Nous évaluons CommonHelp à l’aide du cadre de valeur marginale des fonds publics, qui compare la valeur d’une politique par les bénéficiaires par rapport à son coût net pour le gouvernement. Les niveaux de ces estimations sont sensibles aux hypothèses de modélisation. Ainsi, plutôt que de mettre l'accent sur un seul chiffre, nous nous concentrons sur la part de la valeur globale d'une politique qui est manquée lorsque les chercheurs ne peuvent voir qu'un seul programme à la fois.
Nous constatons qu'une évaluation SNAP uniquement de CommonHelp sous-estimerait sa véritable valeur jusqu'à 64 %, en grande partie parce qu'elle omet la valeur substantielle que les familles accordent à la couverture Medicaid qu'elles obtiennent lorsqu'elles postulent simultanément. Même une moyenne pondérée des évaluations d’un seul programme – l’approximation la plus proche disponible sans données liées entre les programmes – manque entre 10 % et 24 % de la valeur totale. Compte tenu de l’interdépendance des programmes dans le vaste réseau de programmes sociaux existants, les évaluer un par un peut conduire à des calculs potentiellement trompeurs quant à la rentabilité d’une politique.
Leçons pour les décideurs politiques
La leçon centrale de notre étude est que les différents programmes sociaux dont disposent aujourd’hui les familles américaines ne peuvent être compris isolément. Parce que ces programmes se chevauchent énormément, les politiques qui touchent un programme se répercutent sur les autres, et les familles ne les perçoivent pas comme des avantages distincts mais comme un ensemble dans lequel elles entrent et sortent ensemble. Mener des analyses comme si les familles interagissaient avec un seul programme à la fois peut sous-estimer à la fois la portée des prestations non réclamées et les bénéfices d’une navigation plus facile dans ces programmes et leurs applications.
Ce cadre à programmes multiples comporte deux implications clés.
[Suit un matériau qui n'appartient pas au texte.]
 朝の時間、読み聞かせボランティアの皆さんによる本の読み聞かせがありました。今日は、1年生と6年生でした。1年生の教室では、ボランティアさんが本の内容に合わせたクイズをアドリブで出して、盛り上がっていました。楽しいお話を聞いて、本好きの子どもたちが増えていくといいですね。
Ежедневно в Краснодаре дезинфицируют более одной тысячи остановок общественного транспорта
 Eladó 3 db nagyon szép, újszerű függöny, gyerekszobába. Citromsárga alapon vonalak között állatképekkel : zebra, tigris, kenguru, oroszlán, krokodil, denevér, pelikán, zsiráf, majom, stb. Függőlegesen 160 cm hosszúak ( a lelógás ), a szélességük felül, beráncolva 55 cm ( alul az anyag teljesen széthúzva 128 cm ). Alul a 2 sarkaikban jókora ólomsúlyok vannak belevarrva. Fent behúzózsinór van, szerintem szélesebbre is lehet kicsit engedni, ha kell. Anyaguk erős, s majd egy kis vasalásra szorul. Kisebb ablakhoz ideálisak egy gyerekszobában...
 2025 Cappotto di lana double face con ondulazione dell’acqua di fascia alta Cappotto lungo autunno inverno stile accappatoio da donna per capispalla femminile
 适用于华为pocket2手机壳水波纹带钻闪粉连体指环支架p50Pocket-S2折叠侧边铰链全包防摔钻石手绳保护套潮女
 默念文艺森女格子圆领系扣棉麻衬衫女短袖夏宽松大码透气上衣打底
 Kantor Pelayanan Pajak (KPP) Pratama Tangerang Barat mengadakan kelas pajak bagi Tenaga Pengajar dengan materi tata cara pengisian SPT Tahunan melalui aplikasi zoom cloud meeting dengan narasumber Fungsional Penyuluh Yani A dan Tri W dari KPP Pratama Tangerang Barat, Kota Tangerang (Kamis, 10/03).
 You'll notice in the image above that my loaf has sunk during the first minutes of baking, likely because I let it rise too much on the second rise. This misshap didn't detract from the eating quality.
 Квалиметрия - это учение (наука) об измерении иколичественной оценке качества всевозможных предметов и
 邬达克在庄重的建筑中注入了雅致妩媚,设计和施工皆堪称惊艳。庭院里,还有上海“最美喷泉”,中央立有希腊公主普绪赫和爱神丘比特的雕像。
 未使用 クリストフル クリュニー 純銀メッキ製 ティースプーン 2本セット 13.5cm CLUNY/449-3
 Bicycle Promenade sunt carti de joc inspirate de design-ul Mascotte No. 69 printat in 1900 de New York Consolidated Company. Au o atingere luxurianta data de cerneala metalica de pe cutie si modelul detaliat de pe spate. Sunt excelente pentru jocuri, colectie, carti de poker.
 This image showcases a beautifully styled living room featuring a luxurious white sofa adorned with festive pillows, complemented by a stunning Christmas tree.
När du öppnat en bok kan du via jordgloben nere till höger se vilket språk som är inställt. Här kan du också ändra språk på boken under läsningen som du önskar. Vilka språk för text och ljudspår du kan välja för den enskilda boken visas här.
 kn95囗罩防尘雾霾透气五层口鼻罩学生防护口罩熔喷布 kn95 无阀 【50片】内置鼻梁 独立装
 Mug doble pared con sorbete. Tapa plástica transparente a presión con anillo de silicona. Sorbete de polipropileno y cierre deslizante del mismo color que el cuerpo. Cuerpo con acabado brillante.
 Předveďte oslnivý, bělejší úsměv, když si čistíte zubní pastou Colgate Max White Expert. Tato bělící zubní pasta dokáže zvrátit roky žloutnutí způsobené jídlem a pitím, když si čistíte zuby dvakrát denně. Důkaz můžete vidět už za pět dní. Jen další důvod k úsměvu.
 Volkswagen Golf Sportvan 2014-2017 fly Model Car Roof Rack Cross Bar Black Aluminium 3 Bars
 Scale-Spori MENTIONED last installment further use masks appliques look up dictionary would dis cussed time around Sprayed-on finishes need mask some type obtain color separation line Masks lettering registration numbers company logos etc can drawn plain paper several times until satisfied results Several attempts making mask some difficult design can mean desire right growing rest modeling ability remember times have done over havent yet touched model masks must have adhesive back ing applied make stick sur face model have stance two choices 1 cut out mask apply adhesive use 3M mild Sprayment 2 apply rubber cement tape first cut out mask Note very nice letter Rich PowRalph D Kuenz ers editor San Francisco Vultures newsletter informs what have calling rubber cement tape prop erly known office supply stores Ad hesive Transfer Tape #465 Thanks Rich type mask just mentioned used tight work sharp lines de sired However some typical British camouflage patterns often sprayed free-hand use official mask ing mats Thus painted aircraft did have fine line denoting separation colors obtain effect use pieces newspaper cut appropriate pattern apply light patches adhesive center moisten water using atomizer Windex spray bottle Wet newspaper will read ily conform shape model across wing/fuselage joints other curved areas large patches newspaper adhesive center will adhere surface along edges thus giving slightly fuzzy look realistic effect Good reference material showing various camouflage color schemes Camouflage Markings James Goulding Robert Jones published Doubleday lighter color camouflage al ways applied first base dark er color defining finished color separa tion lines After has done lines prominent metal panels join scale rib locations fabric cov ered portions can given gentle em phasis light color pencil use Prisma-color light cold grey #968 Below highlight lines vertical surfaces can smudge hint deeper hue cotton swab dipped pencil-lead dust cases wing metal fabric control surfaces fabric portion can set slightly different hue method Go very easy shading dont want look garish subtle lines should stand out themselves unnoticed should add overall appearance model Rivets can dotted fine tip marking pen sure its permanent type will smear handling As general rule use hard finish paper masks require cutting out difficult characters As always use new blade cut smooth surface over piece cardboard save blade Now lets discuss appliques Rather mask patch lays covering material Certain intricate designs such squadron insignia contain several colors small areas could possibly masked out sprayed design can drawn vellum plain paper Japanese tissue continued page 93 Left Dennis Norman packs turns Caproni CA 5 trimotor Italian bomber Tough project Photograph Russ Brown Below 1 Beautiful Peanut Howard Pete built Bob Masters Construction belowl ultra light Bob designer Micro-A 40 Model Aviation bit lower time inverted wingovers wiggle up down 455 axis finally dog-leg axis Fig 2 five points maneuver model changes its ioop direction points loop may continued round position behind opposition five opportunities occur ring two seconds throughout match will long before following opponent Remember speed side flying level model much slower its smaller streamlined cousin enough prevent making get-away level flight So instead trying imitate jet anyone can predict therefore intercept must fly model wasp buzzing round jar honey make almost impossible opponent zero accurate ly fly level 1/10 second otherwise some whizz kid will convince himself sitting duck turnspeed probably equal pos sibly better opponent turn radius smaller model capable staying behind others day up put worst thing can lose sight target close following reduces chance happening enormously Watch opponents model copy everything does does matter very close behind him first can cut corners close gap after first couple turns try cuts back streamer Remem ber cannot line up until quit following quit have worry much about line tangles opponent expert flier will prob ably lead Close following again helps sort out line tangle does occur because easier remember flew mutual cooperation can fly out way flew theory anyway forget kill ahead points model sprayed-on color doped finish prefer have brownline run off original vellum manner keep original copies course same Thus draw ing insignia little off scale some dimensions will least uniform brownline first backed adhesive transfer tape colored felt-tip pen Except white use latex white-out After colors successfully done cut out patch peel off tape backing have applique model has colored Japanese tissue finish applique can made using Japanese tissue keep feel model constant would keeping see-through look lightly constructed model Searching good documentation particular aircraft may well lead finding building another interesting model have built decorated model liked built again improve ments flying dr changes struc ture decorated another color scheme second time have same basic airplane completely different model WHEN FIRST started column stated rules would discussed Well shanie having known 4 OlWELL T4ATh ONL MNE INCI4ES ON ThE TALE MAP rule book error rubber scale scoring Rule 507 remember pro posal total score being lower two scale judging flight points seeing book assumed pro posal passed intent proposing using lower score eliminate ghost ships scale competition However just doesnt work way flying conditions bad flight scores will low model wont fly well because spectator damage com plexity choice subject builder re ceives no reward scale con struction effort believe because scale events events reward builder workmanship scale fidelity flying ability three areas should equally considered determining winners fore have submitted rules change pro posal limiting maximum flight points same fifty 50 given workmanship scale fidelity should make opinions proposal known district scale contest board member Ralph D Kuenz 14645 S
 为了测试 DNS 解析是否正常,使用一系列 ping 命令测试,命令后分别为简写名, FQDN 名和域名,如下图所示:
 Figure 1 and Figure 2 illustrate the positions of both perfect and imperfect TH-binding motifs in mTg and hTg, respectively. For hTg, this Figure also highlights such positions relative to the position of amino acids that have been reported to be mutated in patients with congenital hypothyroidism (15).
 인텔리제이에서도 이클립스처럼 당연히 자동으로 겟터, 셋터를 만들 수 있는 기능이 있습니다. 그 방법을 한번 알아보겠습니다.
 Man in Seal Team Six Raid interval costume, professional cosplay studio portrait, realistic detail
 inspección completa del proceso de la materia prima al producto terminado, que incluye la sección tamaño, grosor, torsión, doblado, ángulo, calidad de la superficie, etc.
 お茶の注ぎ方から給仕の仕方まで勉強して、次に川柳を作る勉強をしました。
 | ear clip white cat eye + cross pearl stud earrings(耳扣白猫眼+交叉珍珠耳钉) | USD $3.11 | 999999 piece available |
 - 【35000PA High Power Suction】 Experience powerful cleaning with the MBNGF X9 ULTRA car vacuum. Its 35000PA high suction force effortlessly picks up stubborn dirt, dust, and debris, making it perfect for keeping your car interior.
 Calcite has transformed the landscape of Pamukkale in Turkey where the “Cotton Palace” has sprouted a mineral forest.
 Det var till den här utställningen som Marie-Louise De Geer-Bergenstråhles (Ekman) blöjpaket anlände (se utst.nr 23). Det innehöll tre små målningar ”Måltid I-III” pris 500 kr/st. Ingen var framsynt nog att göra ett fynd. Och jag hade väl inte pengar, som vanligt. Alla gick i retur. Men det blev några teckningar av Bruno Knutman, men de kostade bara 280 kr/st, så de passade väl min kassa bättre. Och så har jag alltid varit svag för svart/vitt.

Premièrement, cela change la façon dont les décideurs politiques et les chercheurs envisagent le ciblage. Certaines des familles les plus défavorisées sont déjà connectées aux programmes sociaux, mais seulement partiellement. Améliorer et élargir l'accès aux participants existants à un seul programme, que les administrateurs du programme peuvent facilement identifier et atteindre, peut être un moyen particulièrement pratique de cibler le soutien vers ceux qui en ont le plus besoin et qui l'apprécient le plus.
Deuxièmement, cela change la manière dont les décideurs politiques mesurent le rendement d’une politique. Étant donné que la valeur de la simplification de l’accès se répercute sur tous les programmes, un investissement qui semble avoir des rendements modestes du point de vue d’un programme pourrait s’avérer plus précieux une fois que ses effets sur tous les programmes sociaux sont pris en compte. À l’inverse, les suppressions dans un seul programme ou dans les systèmes qui relient les demandeurs aux prestations peuvent faire perdre des bénéfices qu’une comptabilité programme par programme n’enregistre jamais.
Alors que les familles dépendent de plus en plus de plusieurs programmes sociaux à la fois, l'analyse et la conception des politiques de ces programmes devraient refléter la façon dont ils coexistent plutôt que de considérer chacun d'entre eux séparément.
Les auteurs de cette chronique ont utilisé Claude pour affiner certains termes.